Troops falsified records to cover up some thefts, and in other cases didn’t report explosives as missing, investigative files show. Sometimes, they failed to safeguard explosives in the first place.
The consequences can be deadly.
In August, an artillery shell exploded at a Mississippi recycling yard. Chris Smith had been taking a work break from the heat, drinking water and chewing tobacco. Suddenly he found himself cradling a co-worker who was bleeding profusely from his legs. The man died right there.

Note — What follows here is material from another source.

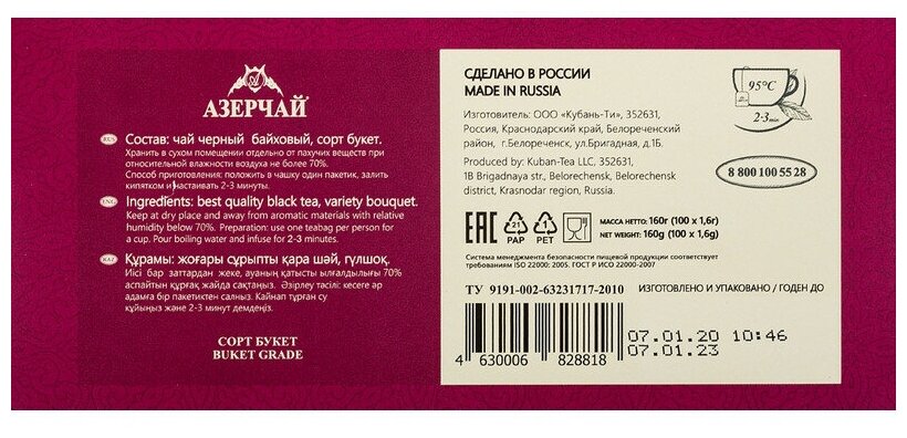 Чай черный Азерчай Букет байховый 25 пак Кубань-Ти

Like the Rittenhouse case…the cure is in the prevention.
Nobody would have died in Kenosha, WI is if Governor Tony Evers had sent in National Guard troops when the city first requested them…there wouldn’t have been a riot for Kyle Rittenhouse, Joseph Rosenmbaum and Anthony Huber to show up to.
An active duty Marine thinking 13 pounds of C4 was going to protect his family in a state of anarchy is…probably more crazy than a teenager taking a rifle to a riot, but both have the same root cause.
When society becomes unstable, people do dumb stuff.
That doesn’t make the dumb stuff not illegal, and doesn’t mean the active duty personnel who are stealing shouldn’t be punished to the full extent of the law.
Just that maybe we should consider trying to get back to an America where, crazy or not, our soldiers are not tempted to steal explosives to feel safe.
[five]
This December it’s beginning to look a lot like…
…Venezuala.
As life saving drugs start to run short at pharmacies due to supply chain issues.
The Federal Reserve reported Wednesday that many parts of the country were hit by supply chain disruptions and labor shortages in November.
While these problems have continued into December – with price increases reported to be widespread across the U.S. economy – empty shelves aren't the only issue for Americans.
Pharmacies are reportedly running out of important prescription medications, and the U.S. Food and Drug Administration (FDA) shows there are about 111 drugs on backorder – including heart medications, antibiotics and cancer drugs.
If you or a loved one depends on a daily medication, it’s a good idea to see if you can get a three month supply, or possibly mail order delivery.